#### Assignment:
With images removed, return the whole listing exactly as written.

*** Opening of Data section ***

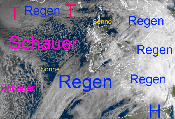Auf dem Atlantik befindet sich nach wie vor genügend Wolkennachschub, welcher nach Mitteleuropa steuert und für reichlich Regen sorgt. Lediglich zwischen den wabenförmigen Schauerwolken erkennt man kleinere Aufheiterungen.
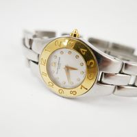 Bracelet-montre BAUME & MERCIER « Linéa » en acier et métal doré, boîtier rond, lunette gravée de chiffres arabes, cadran nacré, index diamantés, mouvement à quartz, bracelet et boucle déployante signée papillon en acier, signé et numéroté (diamètre : 24 mm) (longueur : 17,5 cm environ) (légères usures).
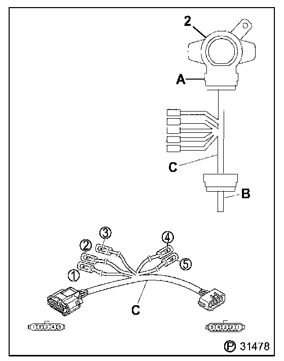 - Disconnect connector A of accelerator pedal position sensor 2 from harness B on the cab side. Prepare inspection harness C, and connect it between the above two connectors. Note: This harness is not necessary with MUT-II PLUS tester.
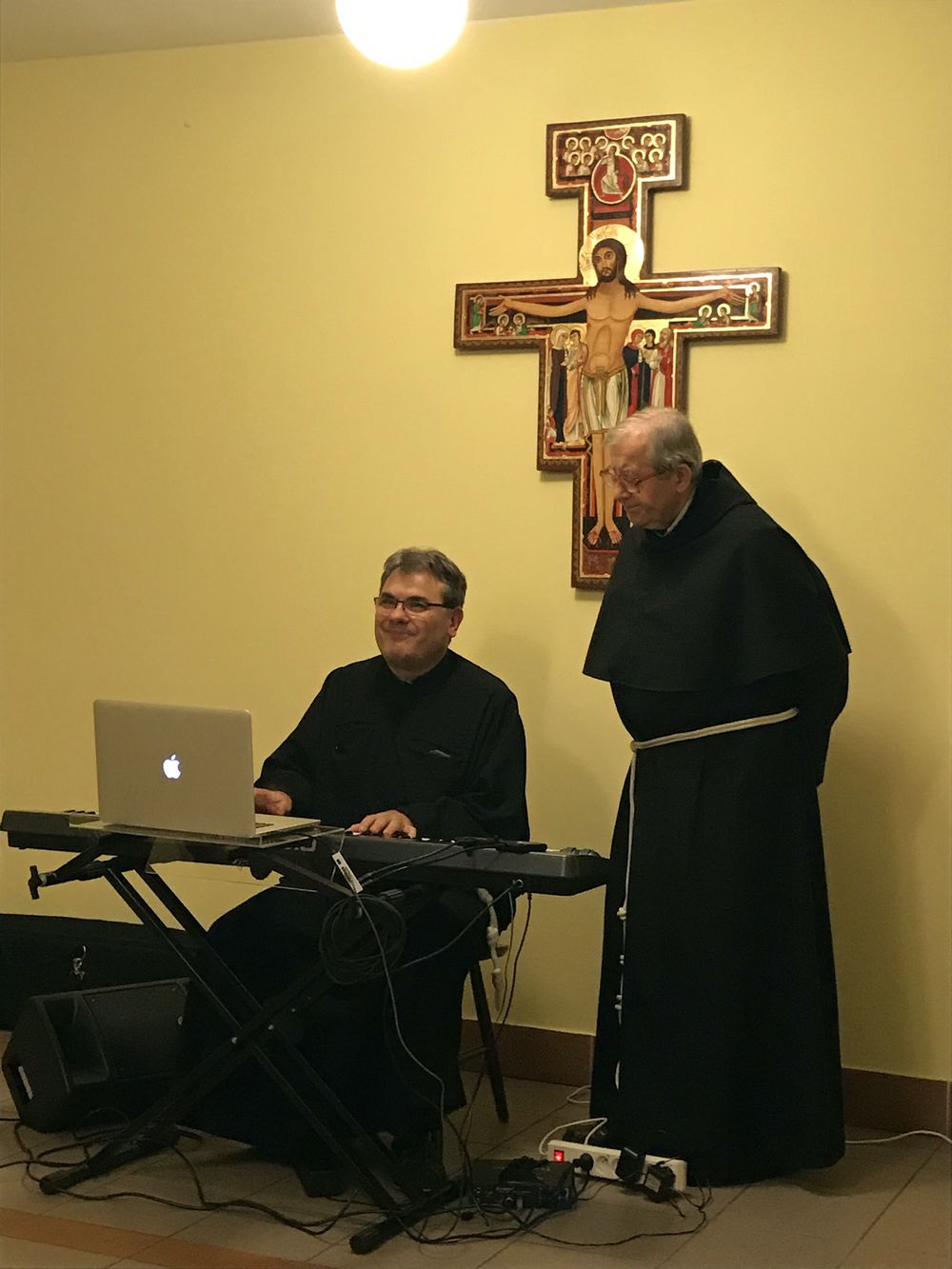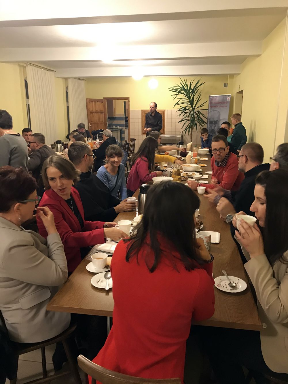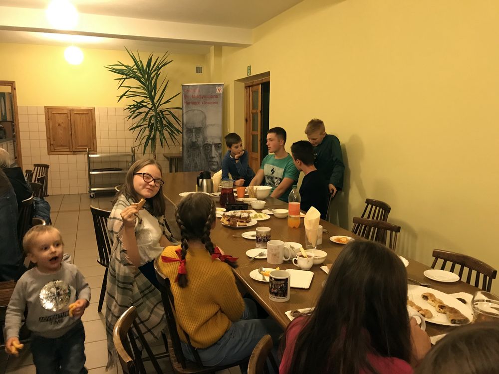 Wojownicy Maryi, Rycerze Niepokalanej, członkowie Szkoły Ewangelizacji Niepokalanej oraz Żywego Różańca rozpoczęli spotkanie od Eucharystii w Kościele parafialnym. Po mszy w refektarzu klasztornym franciszkanów goście zgromadzili się wokół stołów wraz ze wspólnotą klasztorną.

*** Close of Data section ***

#### Finished task:
Auf dem Atlantik befindet sich nach wie vor genügend Wolkennachschub, welcher nach Mitteleuropa steuert und für reichlich Regen sorgt. Lediglich zwischen den wabenförmigen Schauerwolken erkennt man kleinere Aufheiterungen.
 Bracelet-montre BAUME & MERCIER « Linéa » en acier et métal doré, boîtier rond, lunette gravée de chiffres arabes, cadran nacré, index diamantés, mouvement à quartz, bracelet et boucle déployante signée papillon en acier, signé et numéroté (diamètre : 24 mm) (longueur : 17,5 cm environ) (légères usures).
 - Disconnect connector A of accelerator pedal position sensor 2 from harness B on the cab side. Prepare inspection harness C, and connect it between the above two connectors. Note: This harness is not necessary with MUT-II PLUS tester.
 Wojownicy Maryi, Rycerze Niepokalanej, członkowie Szkoły Ewangelizacji Niepokalanej oraz Żywego Różańca rozpoczęli spotkanie od Eucharystii w Kościele parafialnym. Po mszy w refektarzu klasztornym franciszkanów goście zgromadzili się wokół stołów wraz ze wspólnotą klasztorną.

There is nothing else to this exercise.